The winning image entry for "The Yarrctic Circle" by OpenAI 4o doesn't actually wields a cutlass. It's very aesthetically pleasing, even though it's so wrong in all fundamental aspects (perspective is nonsensical and anatomy is messed up, with one leg 150% longer than the other, ...).
It's a very interesting resource to map some of the limits of existing models.
In my own testing between the two this is what I’ve noticed. Imagen will follow the instructions, and 4o will often not, but produces aesthetically more pleasing images.
I don’t know which is more important, but I would say that people mostly won’t pay for fun but disposable images, and I think people will pay for art but there will be an increased emphasis on the human artist. However users might pay for reliable tools that can generate images for a purpose, things like educational illustrations, and those need to be able to follow the spec very well.
People pay for digital sticker packs so their memoji in iMessage are customized. How much money they make on sticker packs is unknown to me, but image generation platform Midjourney seems to be doing alright.
Midjourney got in REALLY early in the GenAI game despite only allowing image generation through Discord for at least a year. I heard that it was one of the largest Discord channels ever having something absurd like 20+ million members.
I'd love to see some financials but I'd tend to agree they're probably doing pretty well.
Google Flow is remarkable as video editing UX, but Imagen 4 doesn't really stand out amongst its image gen peers.
I want to interrupt all of this hype over Imagen 4 to talk about the totally slept on Tencent Hunyuan Image 2.0 that stealthily launched last Friday. It's absolutely remarkable and features:
- millisecond generation times
- real time image-to-image drawing capabilities
- visual instructivity (eg. you can circle regions, draw arrows, and write prompts addressing them.)
- incredible prompt adherence and quality
Nothing else on the market has these properties in quite this combination, so it's rather unique.

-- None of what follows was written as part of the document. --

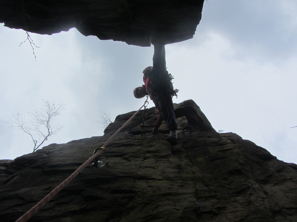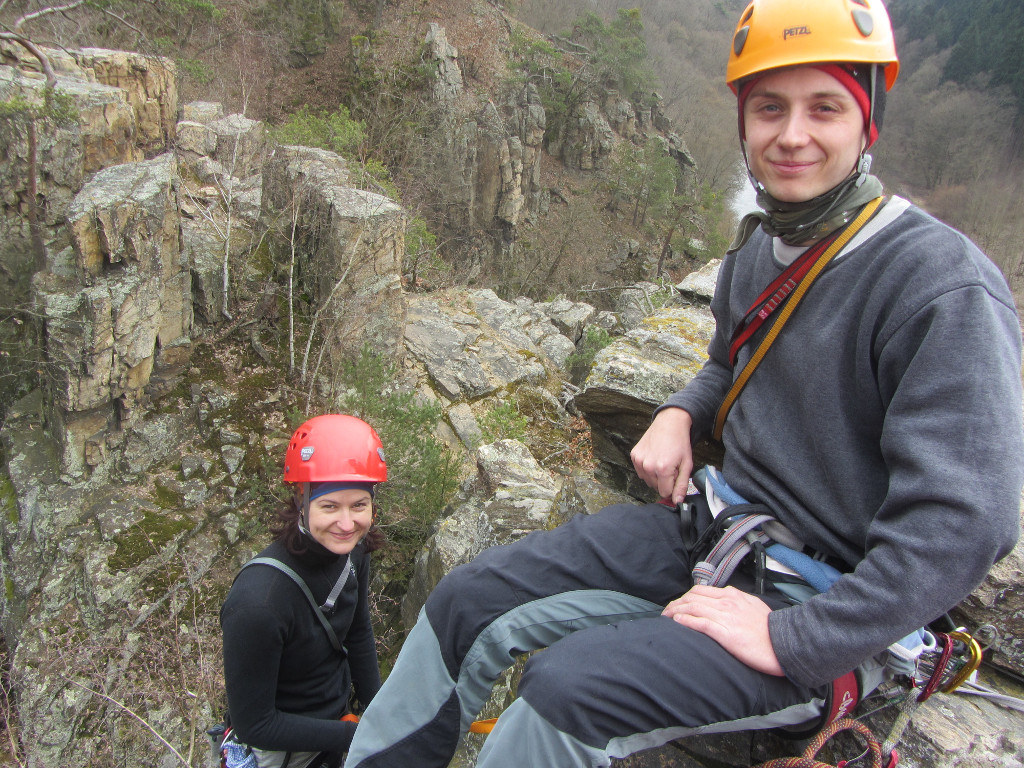 Rozdělili jsme se do dvojic Gazi s Jára a Pája s Peťou. Gazi a Jarda bušili jednu cestu za druhou. Za zmínku stojí obzvláště cesta Kruhová, kde Jarda ukázal velký kus odvahy, protože byla poměrně spoře zajištěná a Jarda se musel hodně ohánět svými friendy. Gazi se zarputilostí jí vlastní Jardu následovala do každé cesty a i s permanentním 9 kilovým batohem byla Járovi rovnocenným spolulezcem. Pro Peťu se jednalo o první větší zkušenosti s lezením venku, proto jsme se nejprve věnovali teorii o zakládání vlastního jištění, dělání štandů a podobných témat, které na stěně člověk sice může zkoušet, ale venku je to stejně vždycky jiné. Poté se druhá dvojka vydala dohánět náskok Gazi s Járou. Peťa se ukázala jako velmi učenlivá lezkyně, všechny cesty byly dobře zajištěné a štandy příkladně zbudované.

Tencent Hunyuan had a bunch of model releases all wrapped up in a product that they call "Hunyuan Game", but the Hunyuan Image 2.0 real time drawing canvas is the real star of it all. It's basically a faster, higher quality Krea: https://x.com/TencentHunyuan/status/1924713242150273424
You can see how this is an incredible illustration tool. If they were to open source this, this would immediately become the top image generation model over Flux, Imagen 4, etc. At this point, really only gpt-image-1 stands apart as having godlike instructivity, but it's on the other end of the [real time <--> instructive] spectrum.
A total creative image tool kit might just be gpt-image-1 and Hunyuan Image 2.0. The other models are degenerate cases.
> but Imagen 4 doesn't really stand out amongst its image gen peers.
In this AI rat race, whenever one model gets ahead, they all tend to reach parity within 3-6 months. If you can wait 6 months to create your video I'm sure Imagen 5 will be more than good enough.
It's honestly kind of ridiculous the pace things are moving at these days. 10 years ago waiting a year for something was very normal, nowadays people are judging the model-of-the-week against last week's model-of-the-week but last week's org will probably not sleep and they'll release another one next week.
I've given this some more thought. Even if Imagen 4 isn't that great on its own, all of Google's models and UX products in conjunction (Veo 3, Flow, etc.) are orders of magnitude above the rest of the playing field.
If Tencent wants to keep Google from winning the game, they should open source their models. From my perspective right now, it looks like Google is going to win this entire game, and open source AI might be the only way to stop that from being a runaway victory.
It's a very interesting resource to map some of the limits of existing models.